To kick-start a Japanese bioeconomy in which raw materials are produced using gene-engineered cells, researchers will require access to sophisticated, locally owned CRISPR-Cas-based genome editing tools. A number of teams linked to Japan’s Smart Cell Project have been developing these tools since 2016, as part of a national effort to build the research ecosystem needed to commercialize industrially productive cells.
“We want to improve the range and accuracy of available tools, build user-friendly packages, and avoid costly intellectual property issues,” says Takahiro Nakamura, a plant molecular biologist from the Faculty of Agriculture at Kyushu University. His group are tasked with working on RNA editing techniques, tool delivery and the intellectual property of the project’s genome editing tools.
CRISPR type I-D editing tool
A new tool was recently discovered by a team at Tokushima University’s Graduate School of Technology, Industrial and Social Sciences. The tool, dubbed type I-D (TiD), is based on the lesser-known type I CRISPR system.
CRISPR-Cas tools are of two different classes, consisting of six systems and at least 34 subsystems. Globally, many teams are studying the well-characterized systems involved in CRISPR-Cas9, CRISPR-Cpf1 and CRISPR-Cas3, but many CRISPR families are yet to be fully explored as genome editing tools, says Nakamura.
Tokushima University researchers developed their tool by examining Cas effector proteins in the lesser-known type I CRISPR system, says Keishi Osakabe, who leads the group that developed TiD.
CRISPR systems comprise two components: a guide RNA, which is a short RNA fragment essential for complementary binding to the target segment of the genome, and CRISPR-associated (Cas) proteins, which are capable of snipping off targeted DNA fragments near the binding site.
The type I CRISPR systems have some advantages in functionality, explains Osakabe, including longer guide RNA sequences and different mutation profiles.
Typical guide RNAs are about 20 nucleotides long for CRISPR-Cas9 tools, but the TiD system typically uses 35- or 36-base guide RNAs, says Osakabe. Their length may help mitigate off-target effects, one of the main challenges limiting CRISPR technology’s practical and commercial potential. The longer guide sequences could potentially be more effectively customized to accurately identify a target sequence, lessening the risk of mutations, deletions, insertions, inversions and translocations.
The DNA cleavage mechanism is also unique to other common systems, says Osakabe. Cleavage is performed by a specific Cas protein, such as Cas9, Cpf1, and Cas3. However, unlike other CRISPR systems, TiD’s Cas10d protein is involved in stabilization, the recognition of the cleavage site, and as the functional nuclease that splits DNA molecules. As a result, TiD can induce both bi-directional long-range deletions and short insertions/deletions.

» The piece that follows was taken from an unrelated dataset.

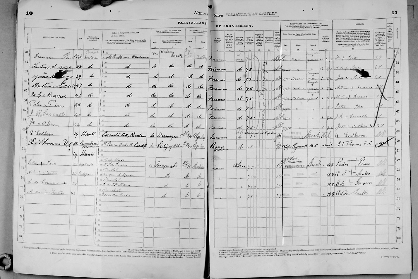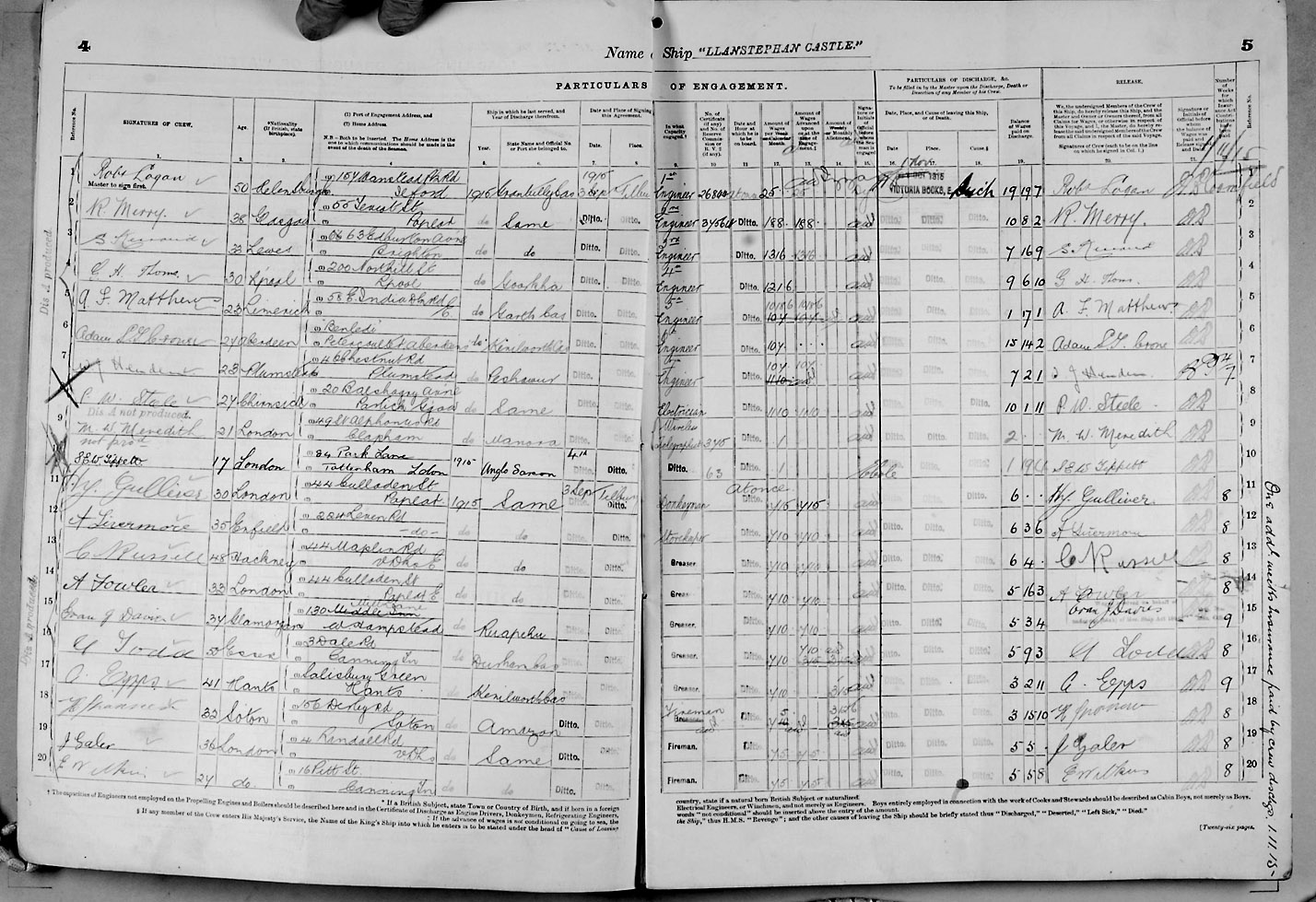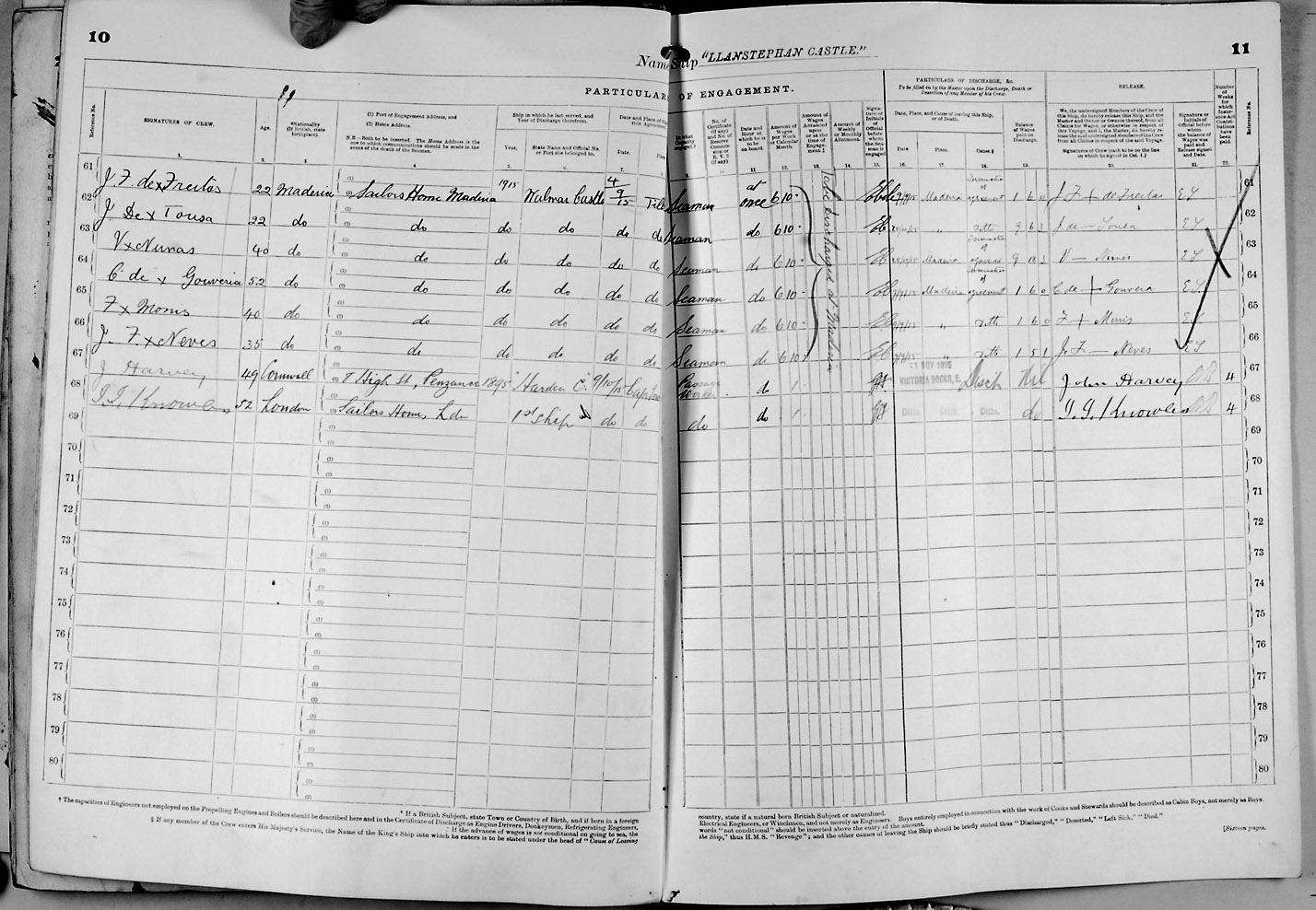 Crew list document for vessel 'LLANSTEPHAN CASTLE'

The ability of type I CRISPR to generate such a diverse range of large deletions from a single targeted site could potentially enable long-range chromosome engineering that would allow simple, fast and effective multi-gene function screening studies, says Osakabe.

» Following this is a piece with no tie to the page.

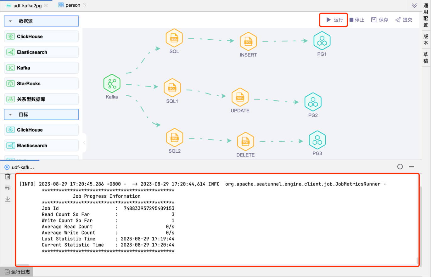 本示例主要介绍 Kafka 到 PostgreSQL 的数据同步示例场景开发,该场景根据 Kafka 接收到的消息内容向 PostgreSQL 数据源的表 person 分别执行 INSERT、UPDATE、DELETE 的操作。主要步骤如下:

The potential applications of TiD are being further developed by a multidisciplinary team from Tokushima University, RIKEN, Meiji University, and Kindai University.
Packaged and delivered
The team refer to these engineered cells as ‘smart cells’ and Nakamura heads one of the Smart Cell Project’s other groups currently looking at how to package genome editing tools. He brings experience in developing RNA editing techniques using plant proteins for a successful Japanese start-up, and he points out that, for industry, “it’s important to establish user-friendly packages”.

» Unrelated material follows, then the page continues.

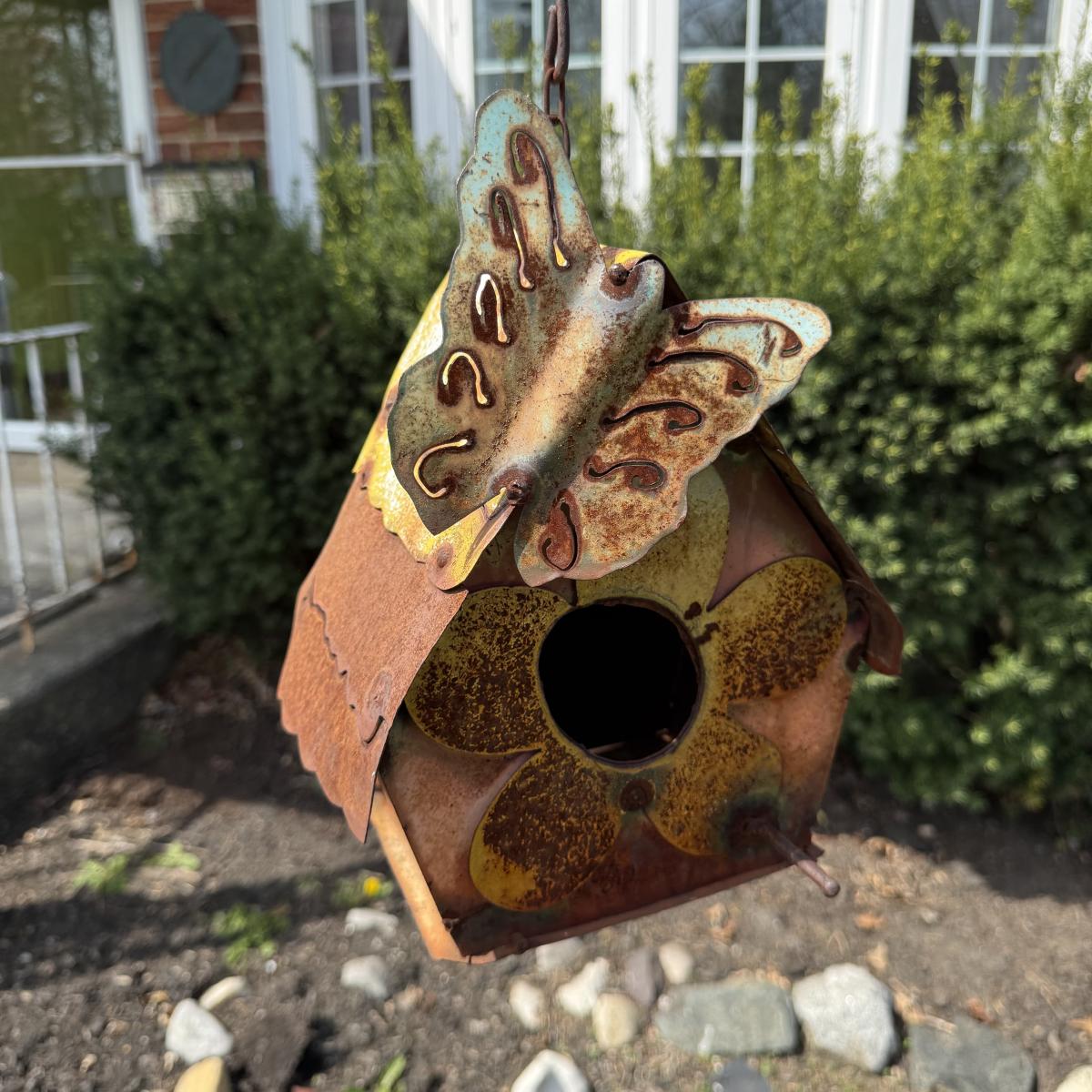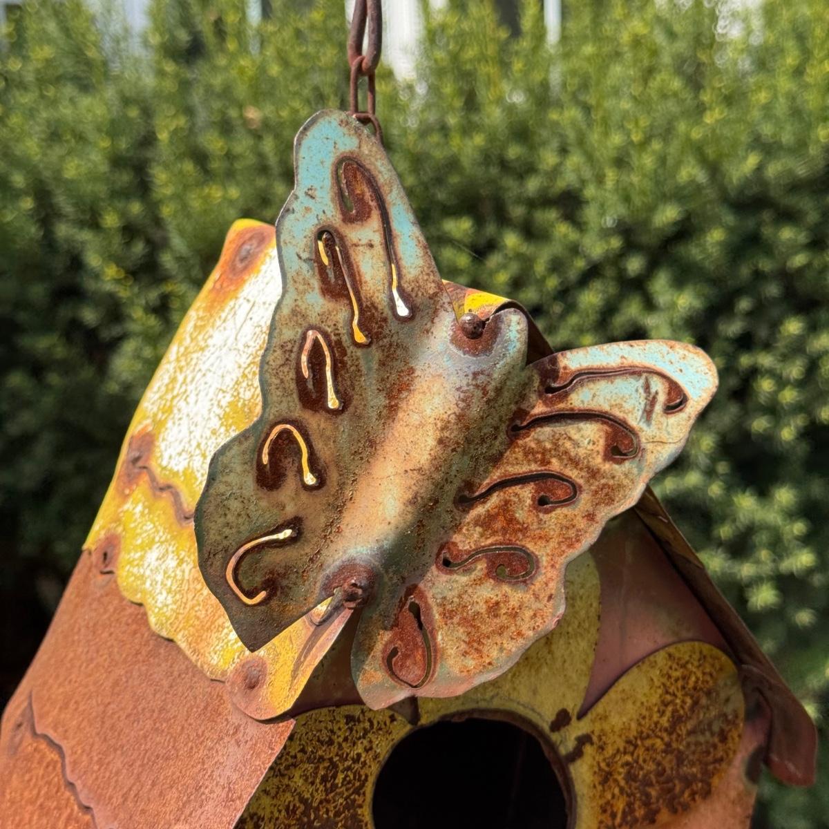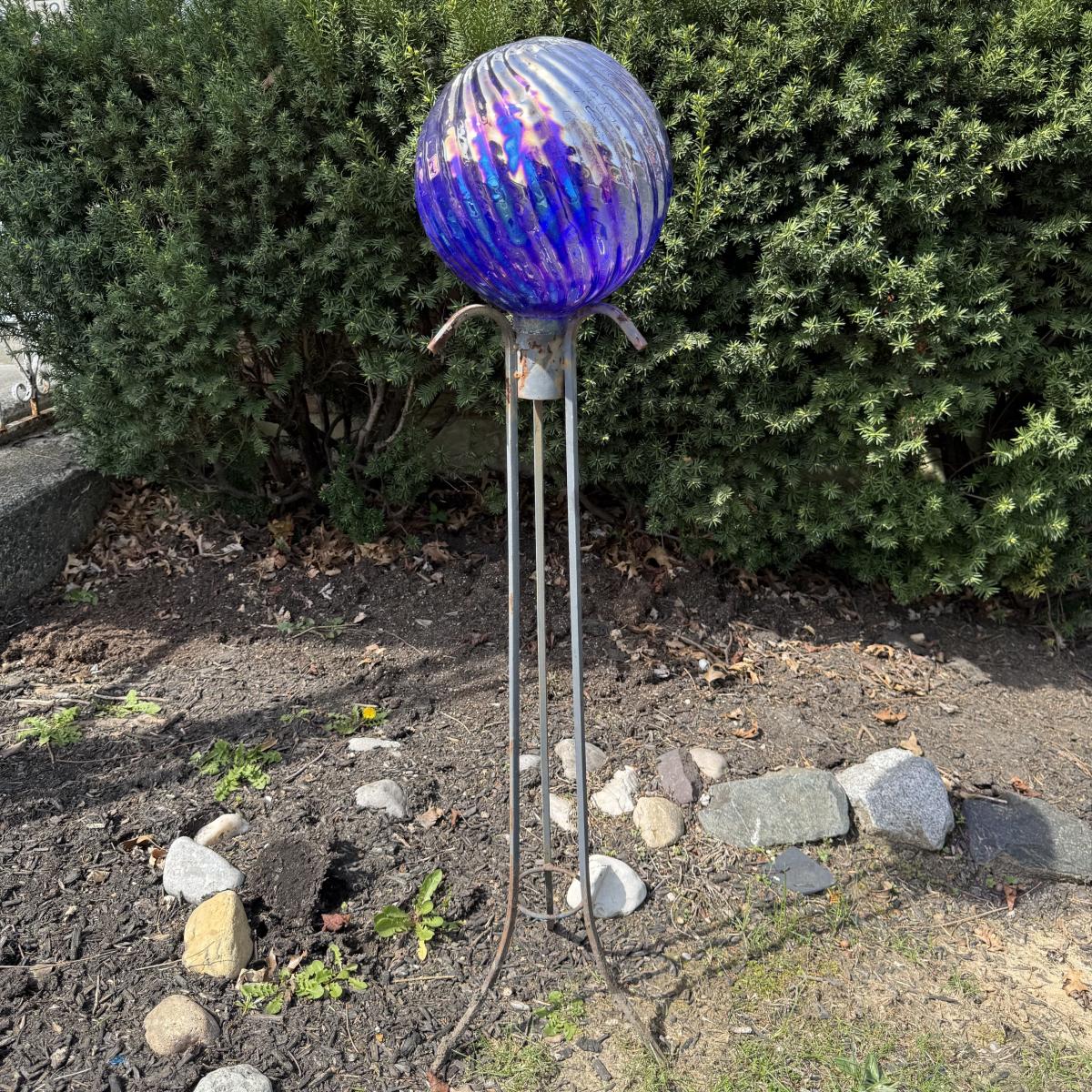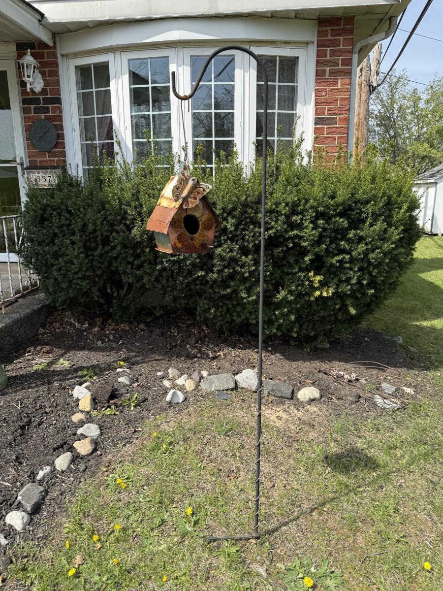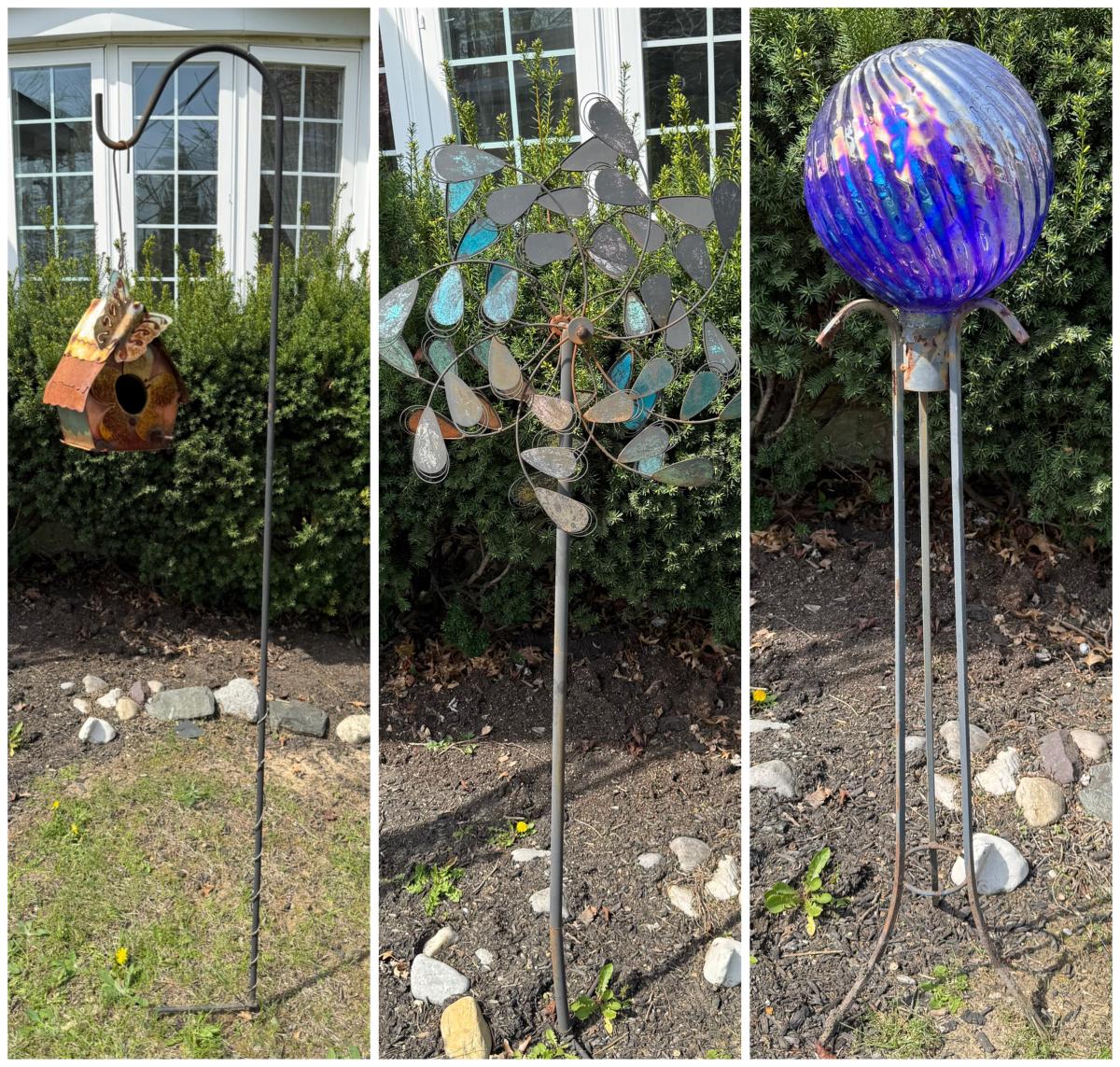 LOT 30: Garden Stake Metal Birdhouse w/ Shepherd's Hook, Wind Sculpture & Gazing Ball

To this end, Nakamura aims to establish new base recognition, editing, and delivery techniques for Japanese gene-editing technology. His group has focused on accurate DNA recognition modules, and effective and easily assembled delivery systems for technologies such as TiD.
Nakamura emphasizes that the combination of effective research and real-world savvy will be important to drive interest from industry and develop the right collaborations to harness the current global momentum towards cell-driven production. “Japan’s smart cell industry will thrive if it can harness a series of innovative biotechnologies for bioinformatics and metabolomics developed by other Smart Cell Project participants that integrate DNA sequencing, artificial intelligence and machine learning for efficient bio-design.”
For this to work, adds Osakabe, new genome editing tools, such as TiD, will be essential to engineer target cells quickly and reliably. This will enable proof-of-concept testing for cell systems identified by the project’s other new tools, he says.
“The convergence of the accomplishments in the Smart Cell Project, including novel genome-editing tools, will be a key feature in its success and the acceleration of the bioeconomy market,” he says.
Osakabe’s group has already started to apply TiD to plants to increase the production of high-function biomaterials.
This research is part of Japan’s Smart Cell Project, which is run by the New Energy and Industrial Technology Development Organization (NEDO).